For now, the situation has stabilized, with the stock market holding steady yesterday and other banks appearing to be doing fine. But a crisis has not necessarily been averted. History is filled with examples of leaders who believed they had stopped a disaster but later found they had underestimated the problem, including during the 2007/8 financial collapse. Some analysts worry that other banks may have undiscovered problems, and the Federal Reserve is likely to continue raising interest rates – the very thing that triggered this year’s bank failures.

Things in common

The recent collapse of First Republic Bank, Silicon Valley Bank, and Signature Bank had some important traits in common. First, the banks’ investments were particularly exposed to the risk of rising interest rates. As the Federal Reserve increased interest rates over the past year, many of First Republic’s assets lost value because they were fixed at lower interest rates and, therefore, lower payouts to the bank. Meanwhile, First Republic had to pay now-higher interest rates on its customers’ deposits. The mix of lower revenue and higher costs toppled the bank’s balance sheet.

Second, the three banks had a large share of customers with deposits that surpassed federal insurance limits. These depositors are more likely to be cautious and ready to move their money because they know that they could lose much of it if a bank goes under.

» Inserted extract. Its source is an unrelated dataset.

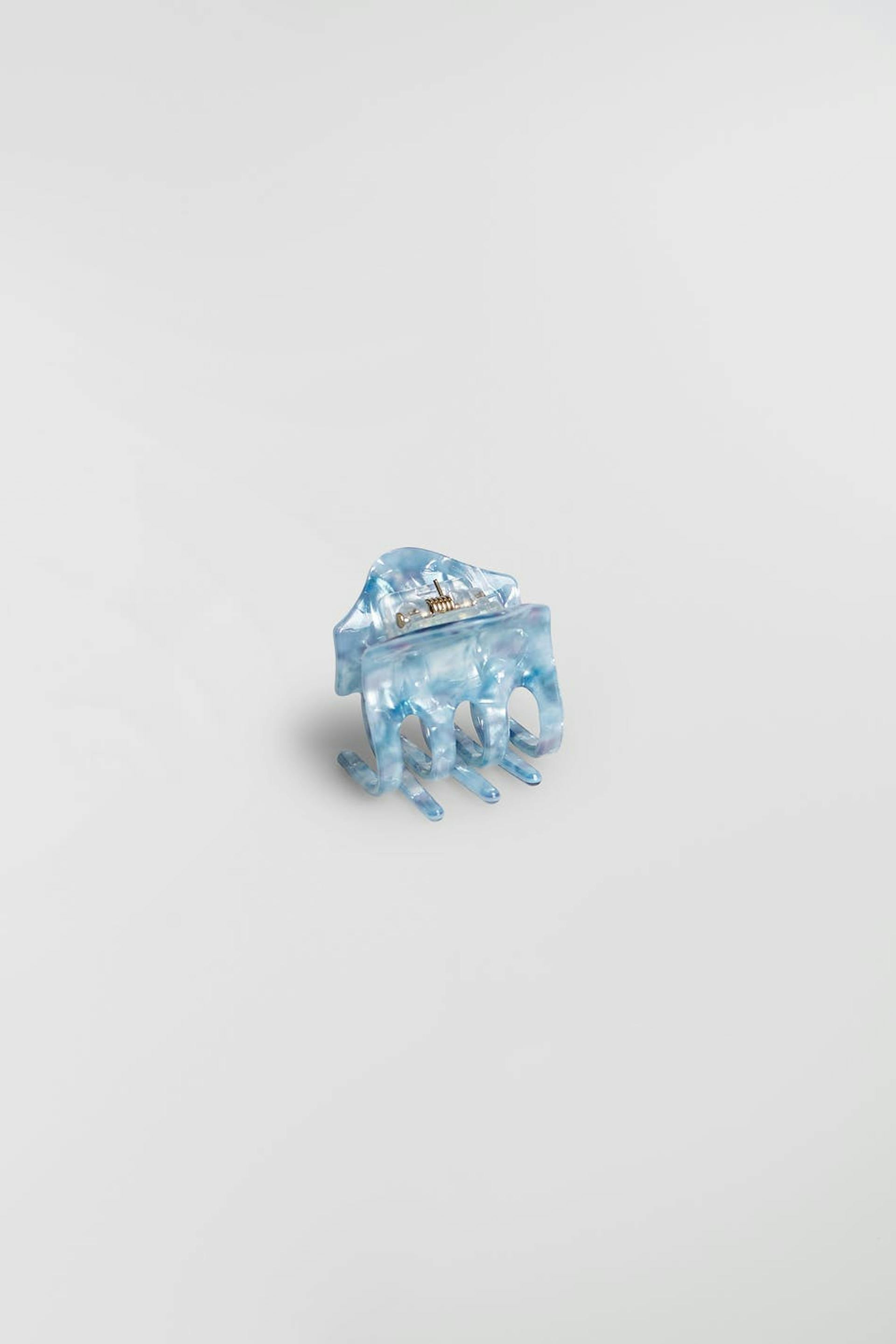 Kleine Haarklammer mit schönem Muster. Die Haarklammer ist hellblau.

So when First Republic’s investment strategy began backfiring, depositors started to pull out their money in large numbers, causing a classic bank run. By last week, First Republic revealed that customers had withdrawn more than half of the bank’s deposits.

Stabilization of the situation

The three banks’ fates were connected, and the failure of Silicon Valley Bank made Americans more concerned about the safety of their deposits. The threat of further contagion is what led regulators and the financial system to try to stabilize the situation.

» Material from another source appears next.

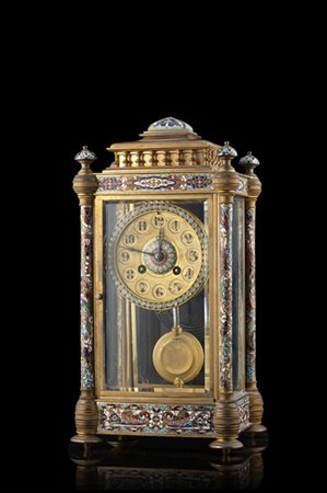 ANONIMO Pendola in metallo smaltato e vetri. Cassa di forma parallelepipeda dec

The problems largely come down to mismanagement at the three banks, experts said. But regulators share some of the responsibility for failing to spot warnings and to act on them earlier. The Federal Reserve acknowledged as much last week, saying that regulatory changes and a “shift in culture” left regulators unprepared. The Fed also placed some of the blame on Congress, which in 2018 reduced the central bank’s oversight of so-called midsize banks like First Republic and Silicon Valley Bank. The Fed is now considering tougher rules.

Some analysts argue that the worst is over, and the three bank failures were outliers. Their similarities made them unusually vulnerable to the current moment. So far, the government’s swift responses seem to have done a good job of containing the potential contagion.